IV/ La bataille de Gazala et Bir Hakeim (1ère partie)


Durant quatre mois, de l’hiver au printemps 1942, le front se stabilisa. Malgré de très insignifiantes escarmouches, les deux camps mirent à profit ce temps pour réorganiser et résoudre les problèmes. Auchinleck tentait, de son côté, d’améliorer la coordination entre les différentes unités, alors que Rommel essayait de rassembler les siennes pour les futurs opérations.
Au début de 1942, la 2ème flotte de la Luftwaffe se retrouva posté en Sicile, après avoir été retiré du front de l’est, pour bombarder l’île de Malte, point névralgique pour le système de convois en Méditerranée. Le 18 décembre 1941, des torpilles humaines italiennes avaient coulés deux cuirassés dans le port d’Alexandrie et les mines, mouillés aussi par les Italiens, avaient mis hors de combat l’escadre se trouvant à Malte. Cela permit aux forces de l’Axe d’obtenir un ravitaillement suffisant pour récupérer leurs effectifs et ainsi préparer l’offensive suivante. 60000 tonnes de carburant sont reçus en janvier et 150000 en avril, ainsi qu’un grand nombre de char, de véhicules et autres équipements.
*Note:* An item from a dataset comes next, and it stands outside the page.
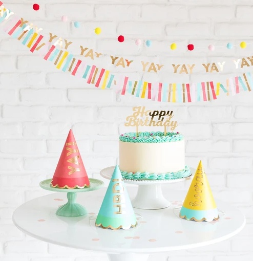 Celebrate the day with this bright and festive mini banner set. These colorful fun-sized banners will transform any venue into the perfect party space. No party is complete without lots of banners, so may we suggest combining this banner set with our HOORAY and HAPPY BIRTHDAY banners for the perfect happy day!

Enfin, les Italiens allaient jouer un rôle important dans les opérations à venir grâce aux divisions blindées complètes qui étaient mis à leur disposition, tel que les unités Ariete et Trieste déjà présente en Lybie et qui s’étaient distinguaient lors de l’opération Crusader en participant de façon décisive pour arrêter l’offensive britannique. Malgré une mauvaise presse, ces deux unités italiennes conservèrent un moral et une combativité qui n’avaient rien à envier aux Allemands. Alors que d’autres divisions italiennes démontrèrent une valeur et un comportement très différent.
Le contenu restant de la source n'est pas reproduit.